What it really means: Not much. "Hormones aren't approved for use in chicken or pork, so packages labeled hormone-free are true, but the animals wouldn't have been given hormones!" notes registered dietitian Ilyse Schapiro, who practices in the New York City area.
Instead: Buy organic, suggests Schapiro. The downside? It's pricier and doesn't mean the animal was treated well. If you're concerned, head to your local farmer's market and ask the farmer directly about the animal's living conditions.
6. "Made With Sugar" or "Natural Sweetener"
What you think it means: It doesn't contain high fructose corn syrup (HFCS), the really bad sugar.
What it really means: It's got a lot of sugar. Even sodas are getting in on the HFCS hate because you're more likely to buy ones that contain more natural sugar. Still, "eating too much sugar in any form contributes to excess calories that cause weight gain," explains Alexandra Oppenheimer, a New York-based registered dietitian and nutrition consultant.
Instead: Check the ingredients list, knowing that corn syrup, beet sugar, dextrose, can juice, fruit juice concentrate and malt syrup (and more!) are all sugar. The American Heart Association recommends limiting added sugars to 100 calories (or six teaspoons) a day. Avoid foods with sugar in one of the first three ingredients because those are basically desserts, says Dr. Rose.
7. The Whole Grain Stamp
What you think it means: All grains in the food are whole grains
What it really means: Created by The Whole Grains Council, the basic Whole Grain stamp means the food contains at least 8 g of whole grain per serving; the 100% Whole Grain Stamp means that all the grain ingredients are whole grain and the food contains at least 16 g of whole grain per serving. Sounds great, right? Actually, a Harvard School of Public Health study in Public Health Nutrition found that many foods with the Whole Grains Stamp are higher in total calories and sugar than those without the stamp.
Instead: Read the ingredients. "100% whole grain wheat" or "whole wheat" signal whole grain. Enriched or bleached ingredients? Put it back, says DeFazio. Also, check the fiber. It should pack 3 g or more per serving, she says.

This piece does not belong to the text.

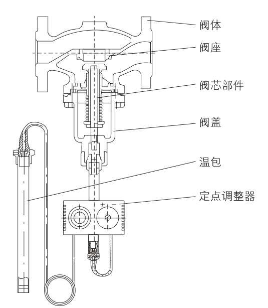 當(dāng)被控對象溫度低于設(shè)定溫度時,溫包內(nèi)液體收縮,作用在執(zhí)行器推桿上的力減小,閥芯部件在彈簧力的作用下使閥門打開,增加蒸汽和熱油等加熱介質(zhì)的流量,使被控對象溫度上升,直到被控對象溫度到了設(shè)定值時,閥關(guān)閉,閥關(guān)閉后,被控對象溫度下降,閥又打開,加熱介質(zhì)又進(jìn)入熱交換器,又使溫度上升,這樣使被控溫度為恒定值。閥門開度大小與被控對象實際溫度和設(shè)定溫度的差值有關(guān)。

Related: Discover 10 healthy afternoon snacks that keep you full.
8. "Calories Per Serving"
What you think it means: The number of calories in the package
What it really means: Exactly what it says. One catch: There may be, say, 100 calories in a serving of that iced tea, but the bottle-which looks drinkable in one sitting-may contain two or three servings, leading to twice or three times the calorie consumption. Worse: "Legally, food companies can be up to 20% off on the calorie count," says Dr. Rose.

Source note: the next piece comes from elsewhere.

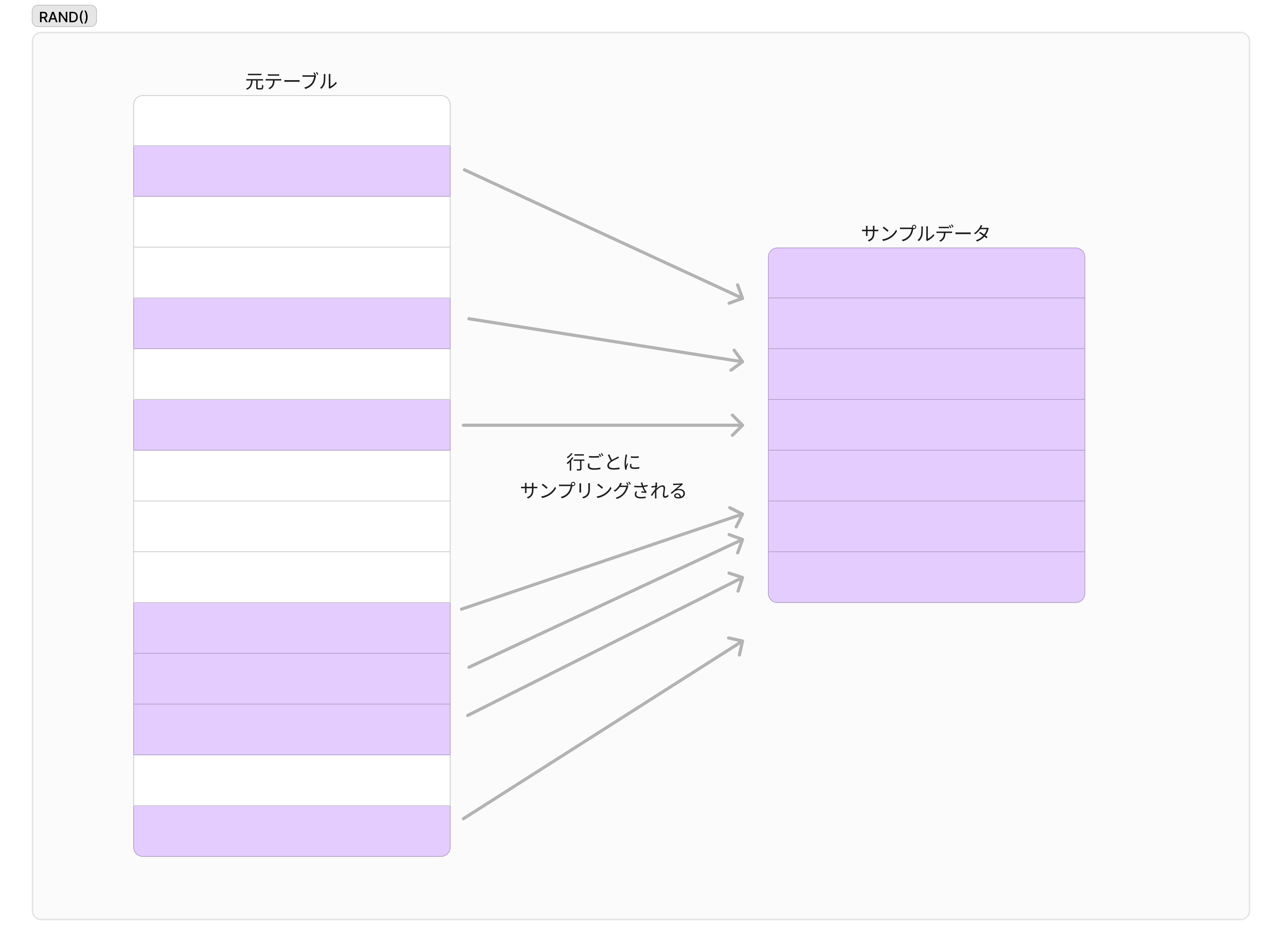 当初最適とみられた方法で課題に直面したため、代替案の検討を始めました。その結果、RAND関数をサンプリングに活用することにしました。

Instead: Always check the serving size before you eat. Also, assume the food has more calories than advertised if you're trying to lose weight. (And if you're plateauing, this may be why.)
What you think it means: Healthy and delicious
What it really means: At least 70% of the ingredients must be organic to boast "made with organic ingredients" or be made with 95% organic ingredients to use the USDA organic seal. But organic doesn't mean low-calorie. A Cornell University study found that people thought organic snack foods contained up to 24% fewer calories and, in some instances, tasted more nutritious. Really, though, organic snacks often pack more calories than their conventional counterparts.

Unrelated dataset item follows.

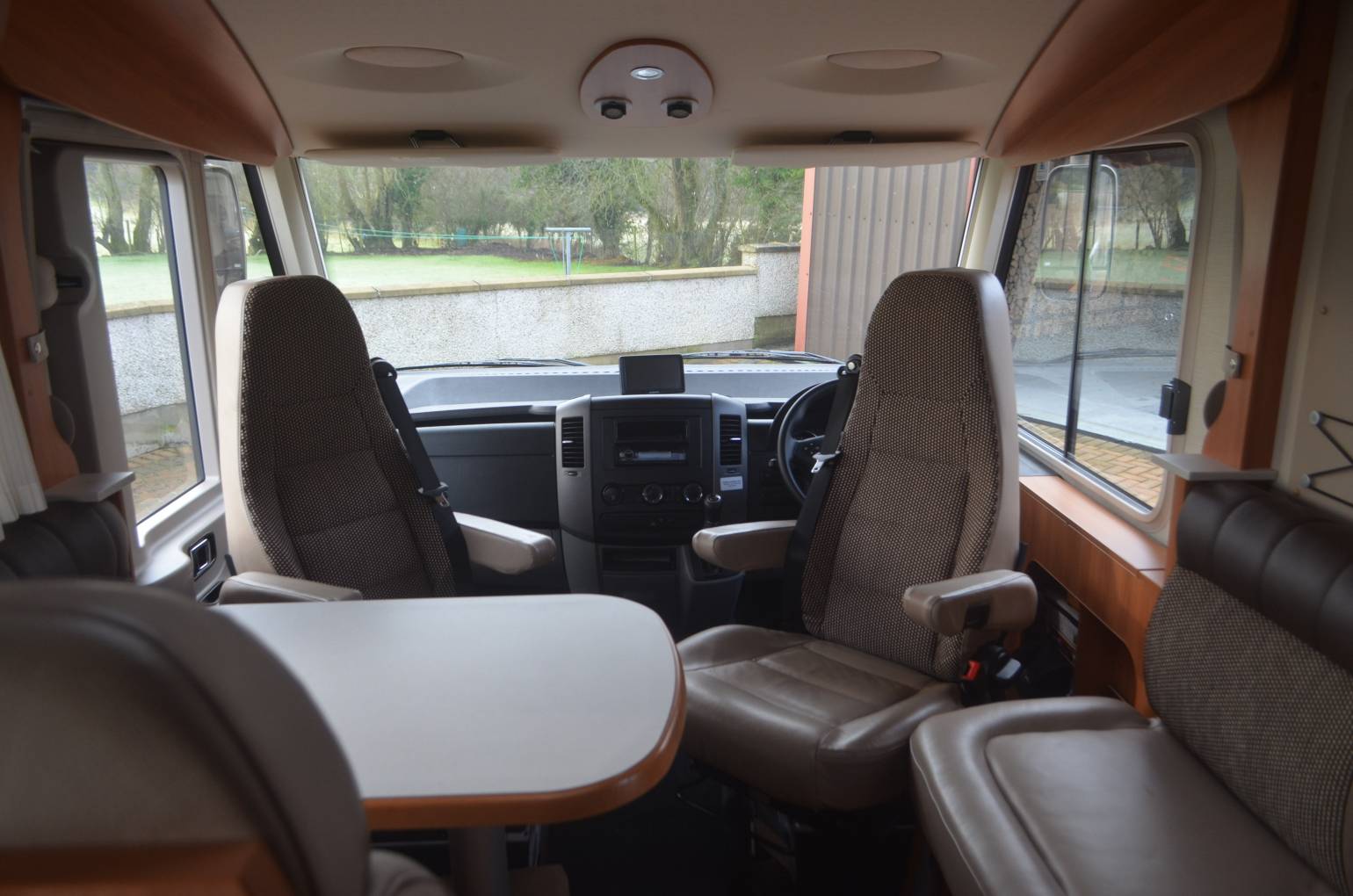 2017 HYMER ML-I 630 FOR SALE. Based on a Mercedes Benz 319 CDI chassis with a 2.1 engine and an Automatic transmission. 1 owner from new. This German built luxury motorhome is presented in excellent condition and comes with a high specification list. 10500 miles travelled. Weight is 4200kg, length approximately 7.88 metres and width 2.22 meters. The spacious layout has sleeping places for 4 people and 4 travelling seat belts. Cab area has a panoramic windscreen, swivelling captains chairs, multi function steering wheel, reverse camera, electric step at the passengers door, cab blinds, cd player/radio and heated mirrors. Featuring a fixed island bed at the rear with a memory foam mattress and storage units. The large drop down bed above the cab will accommodate another 2 people. Kitchen is centrally located and has a full sized cooker with a 3 burner gas hob, grill, oven, sink and a large fridge with separate freezer compartment. The en suite bathroom has a wash hand basin, cassette toilet, and a vanity mirror along with a separate shower cubicle on the opposite side. Blown heating and hot water are provided by the Truma system. Forward facing front lounge is spacious and will accommodate up to 6 people for dinning. The cab and dinning area seats are Tobago trim and leather. Extra fitted include a Tv/dvd player, outside gas point, front and rear parking sensors, a Tracker, a tow bar and an electric cab blind.

Instead: Schapiro says that while it's wise to buy organic produce (especially the dirty dozen), organic snack foods-chips, fruit snacks, candy-are a waste of money.
What you think it means: Less fat to help me lose weight
What it really means: The company took out some fat and replaced it with something else, like sugar. "This retains the food's flavor," says Dr. Rose. "But the ingredients added are typically more processed, making the lower-fat version less healthy than the original," she says.
Instead: Rather than being fat-phobic, eat heart-healthy fats (like monounsaturated fats found in avocados and chocolate and omega-3s in fatty fish) in sensible portions.